A trayliner being used in Subway restaurants in Germany was a tie-in to the documentary "Super Size Me," a look at the possibly unhealthy effects of eating at McDonald's. Subway said all such trayliners have been removed. (Courtesy of National Legal and Policy Center)

ARLINGTON, Va. — Subway franchise holders in Germany have killed a promotional tie-in to the documentary “Super Size Me” after conservative interest groups in the United States accused the campaign of fomenting “anti- American” sentiments.

Conservative groups, led by the Washington-based National Legal and Policy Center, began an Internet and letter-writing campaign late last week aimed at top Pentagon and Congressional leaders to protest tray liners that appeared in German Subway restaurants to promote the July 15 German premiere of the documentary “Super Size Me.”
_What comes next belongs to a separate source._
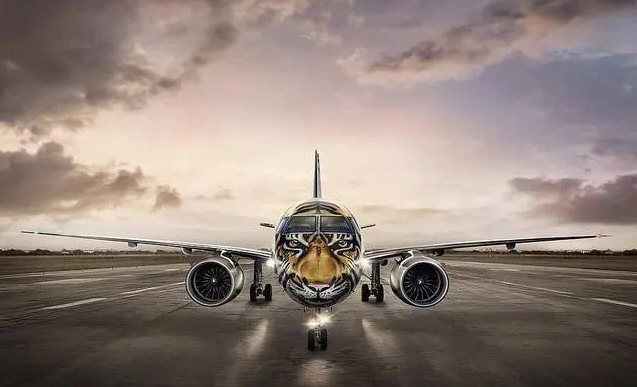 巴西航空工业公司还为它的E190-E2喷气式飞机涂上了令人惊叹的老虎头。老虎的脸覆盖了飞机的机头。
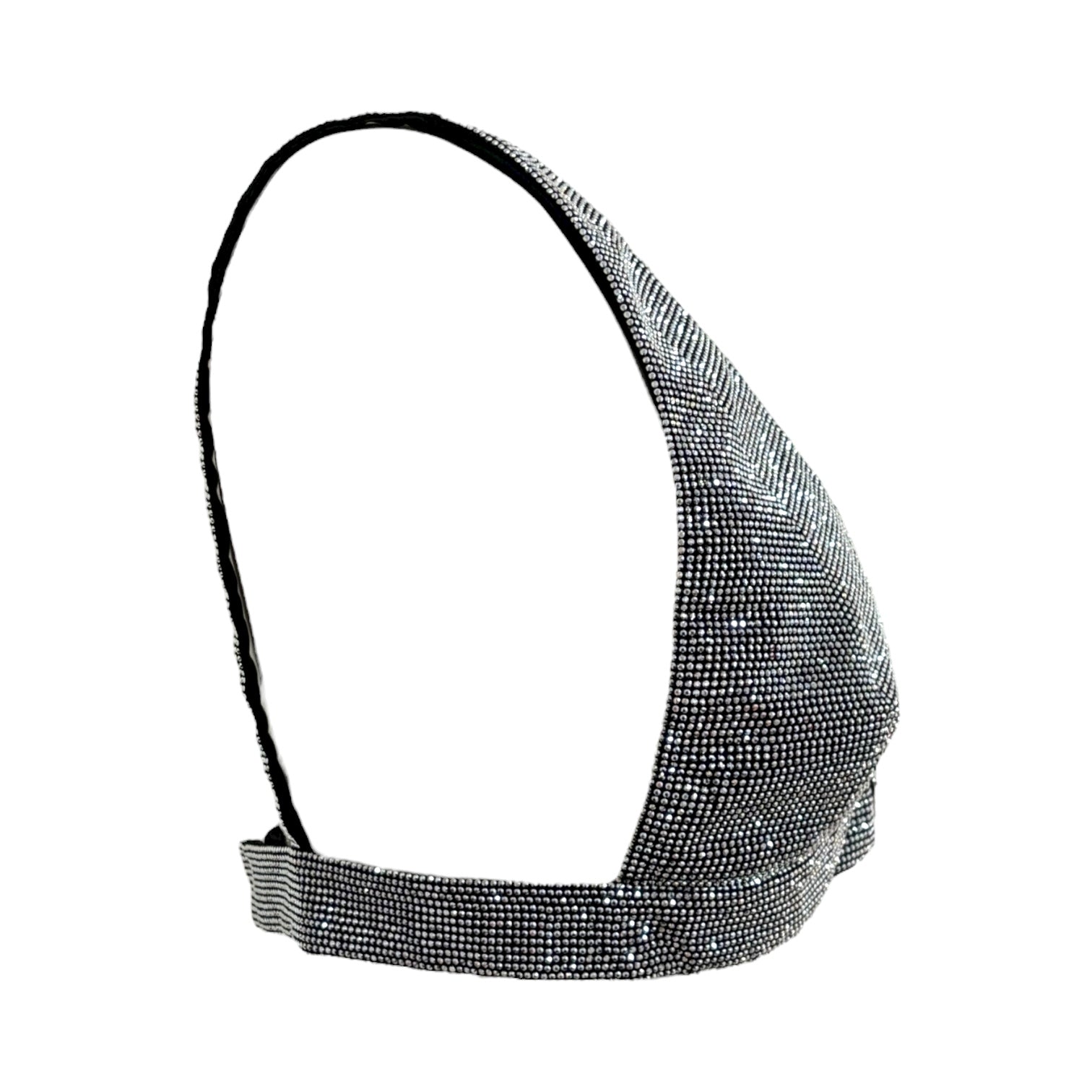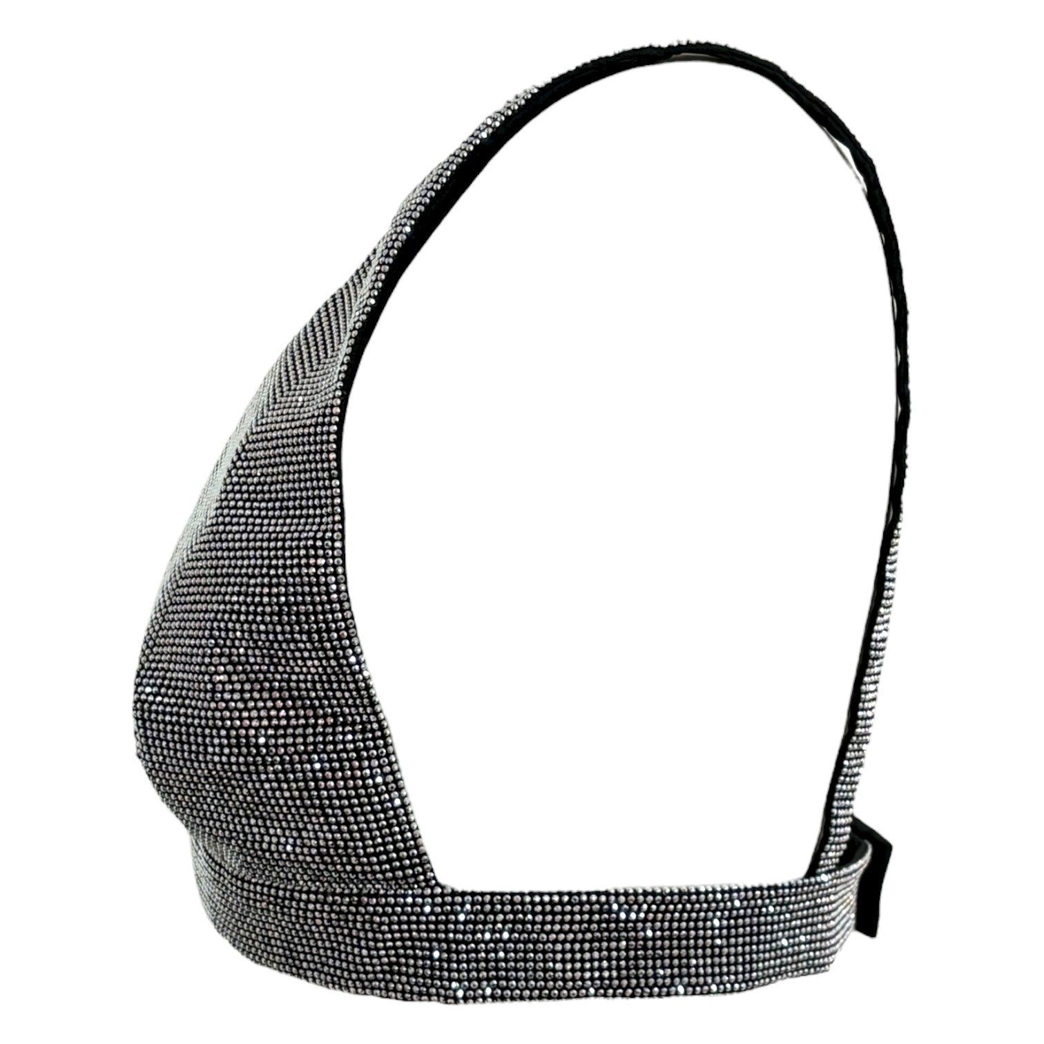 This dazzling Prada bralette is adorned with all-over crystal embellishments, showcasing the brand’s signature triangle logo at the center. Featuring a deep V-neckline and structured design, it exudes modern glamour with a bold, luxurious edge — perfect for statement layering or evening allure.

In the film, which bills itself as “an irreverent look at obesity in America and one of its sources — fast food corporations,” independent filmmaker Morgan Spurlock gains 24 pounds after 30 days eating nothing but McDonald’s fast food, three times a day.

In July, the German distributor of “Super Size Me,” Prokino Filmverleih, reached an agreement with approximately 100 German Subway franchisees to provide free tray liners advertising the movie, according to Subway spokesman Les Winograd.

“Neither the German franchisees nor Subway paid for or created” the tray liners, Winograd said in a Tuesday telephone interview from Subway’s franchise headquarters in Milford, Conn.

The German Subway franchisees “were very heartsick to find there was a furor,” Winograd said. The promotion “was innocuous and innocent. There was no insult intended.”